Er hat es einfach nicht geschafft es einzusaugen.
Es sind einfach zu vilele große Pflanzenteile.
Ich hatte auch schon dran gedacht ihn lehr zu machen, aber es sind zu viele kleine Fische drin.


----------



## lotta (20. Juli 2012)

*AW: Sanirung bei schwiegereltern *

hi,
und wenn du versuchst, erst mal das gröbste abzukeschern, und nur für die feinheiten ,
den schlammsauger zu verwenden ???
ansonsten , finde ich den teich wunderschön, natürlich eingewachsen....s'is doch ein richtiges idyll!
halt uns auf dem laufenden, ich find das spannend 
liebe grüße lotta


----------



## Zermalmer (20. Juli 2012)

*AW: Sanirung bei schwiegereltern *

Hallo FunGod,
hast Du mal probiert das ganze 'langsam' abzusaugen?
Also nicht 'Schlammsauger mach mal' & rein mit ihm, sondern 'Schicht für Schicht'...
Saugen, danach grobes Material abnehmen und dann wieder saugen.
Oder gar als Teamwork... das grobe Material, was jemand hochhebt, mit dem Schlammsauger grob absaugen, bevor es komplett aus dem boden und dem Wasser entnommen wird.

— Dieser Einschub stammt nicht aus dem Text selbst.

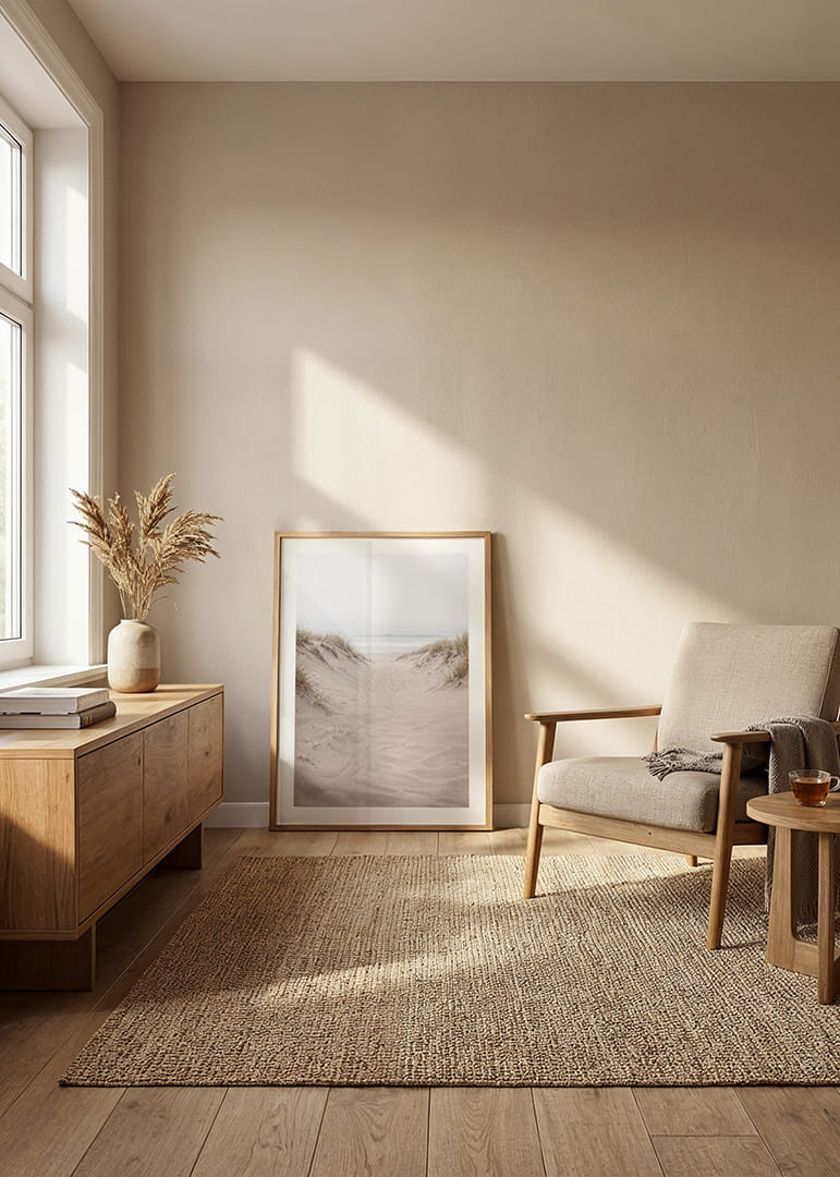 This poster captures a soft, peaceful path through sand dunes leading towards the horizon where the sea meets the sky. The subtle sand colours and subdued light create a sense of calm and infinity. When you hang this poster in your living room, a sense of openness and tranquility will arise, perfect for creating a relaxing oasis in your home.

Also eher langsam vorranarbeiten und nicht gleich alles auf einmal....

Ist schwieriger und viel Arbeit, aber dürfte mit am schonensten sein.

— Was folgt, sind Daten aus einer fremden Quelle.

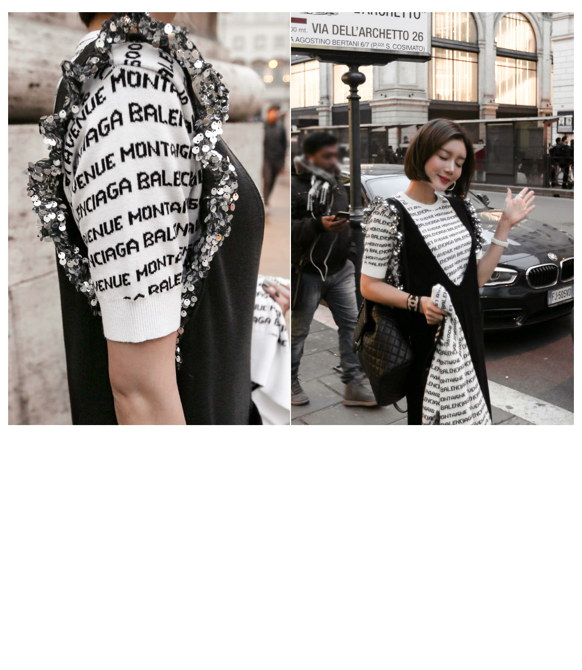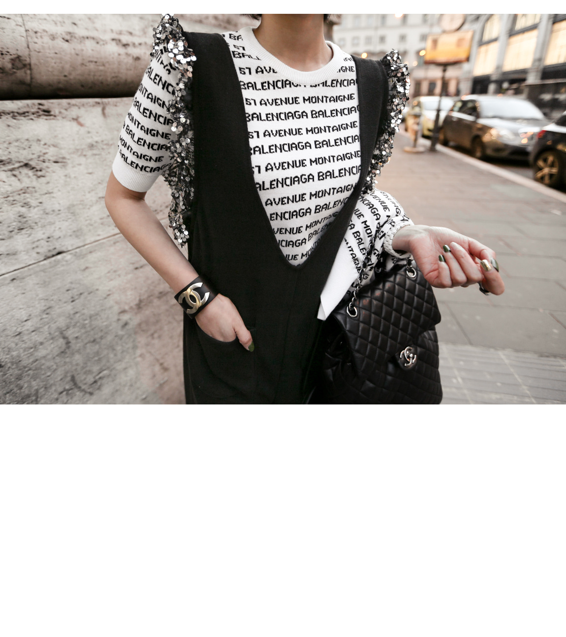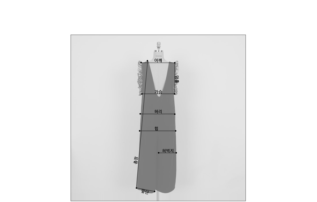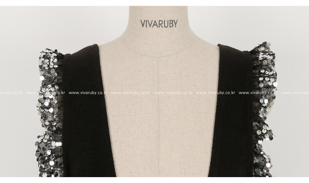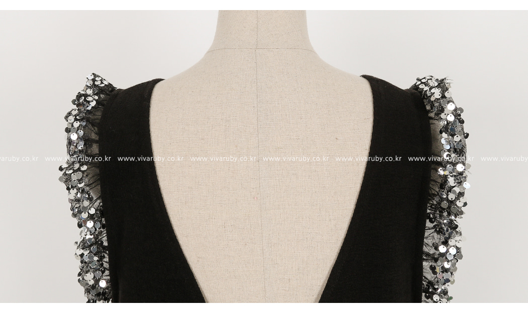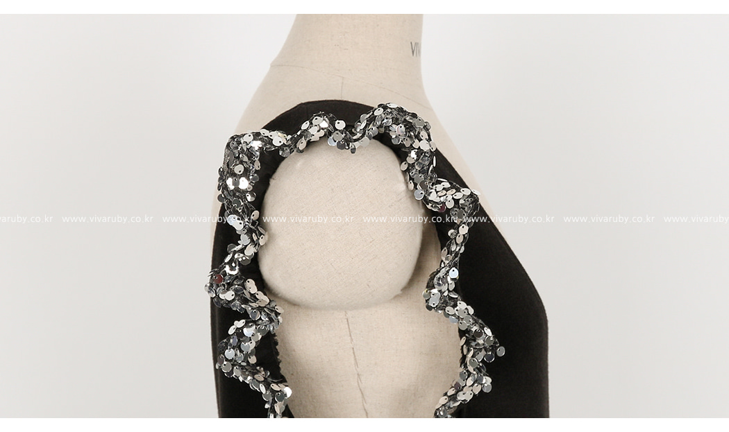 암홀라인의 스팽글 디테일로 스타일리시한 포인트를 주었어요

Ein Schwerpunkt dürfte sicher die Seerose sein, die nicht wirklich kein sein dürfte.


----------



## FunGod (21. Juli 2012)

*AW: Sanierung bei Schwiegereltern *

So haben heute mal den Rand sauber gemacht. Dabei ist uns aufgefallen das der Teich ca 1 m in jede Richtung größer ist als gedacht.  
habe jetzt mal eine frage, beim putzen ist mir ein ca 30cm großer welz aufgefallen. Darf er drin bleiben oder sollte er raus?


----------



## Zermalmer (21. Juli 2012)

*AW: Sanierung bei Schwiegereltern *

Kommt sicher auf die Art des __ Wels an, denn wie Du in Berichten und Fotos (einfach mal im Internet suchen) ersehen kannst, können das mitunter stattliche Burschen werden

Ggf. kann jemand hier im Forum helfen bei der Bestimmung, wenn Du es schaffst ein brauchbares Foto von dem Kerl zu machen.


----------



## FunGod (21. Juli 2012)

*AW: Sanierung bei Schwiegereltern *

Von der Sorte jetzt mal abgesehen, sollte er drin bleiben oder lieber raus?


----------



## lotta (21. Juli 2012)

*AW: Sanierung bei Schwiegereltern *

hi,
wenn er sich bisher dort wohl gefühlt hat???
frag ihn selbst ...
lg lotta


----------



## FunGod (21. Juli 2012)

*AW: Sanierung bei Schwiegereltern *

Ich versuche es morgen mal..


----------



## FunGod (31. Juli 2012)

*AW: Sanierung bei Schwiegereltern *

Hallo zusammen.
Habe mal wider ein bisschen zeit am Teich verbracht.
Wasser ist jetzt Glas klar und ein 15 kleine 3 bis 4 cm koi sind jetzt auch drin.
Beim Filter sauber machen ist mir jetzt nur was aufgefallen.
Im Abflussrohr sind überall kleine __ Würmer drin.
   
Was sind das für dinger?
Sind die gut oder schlecht?
Sie waren von einen auf den andren Tag da.
Kann es mit mein bischen zu Warmen Wasser zusammen hängen? ( 26 °C )


----------



## Zermalmer (1. Aug. 2012)

*AW: Sanierung bei Schwiegereltern *

Hallo FunGod,
Es dürften Mückenlarven (Zuckmücken=harmlos und unter Umständen auch Kriebelmückenlarven = unangenehmer Geselle...einfach mal hier im Forum suchen) sein.
Wenn sie von jetzt auf gleich aufgetaucht sind, dann haben wohl die Insekten entschieden, dass das Teichwasser nun gut genug ist


----------



## Zermalmer (1. Aug. 2012)

*AW: Sanierung bei Schwiegereltern *

Hupps...doppelpost... hab nicht damit gerechnet, das das andere Posting noch durchgekommen ist, weil der Server ja meist um mitternacht ausgelastet ist wegen diverser Backupaktivitäten


----------



## Zacky (1. Aug. 2012)

*AW: Sanierung bei Schwiegereltern *



FunGod schrieb:


> Wasser ist jetzt Glas klar und 15 kleine 3 bis 4 cm koi sind jetzt auch drin.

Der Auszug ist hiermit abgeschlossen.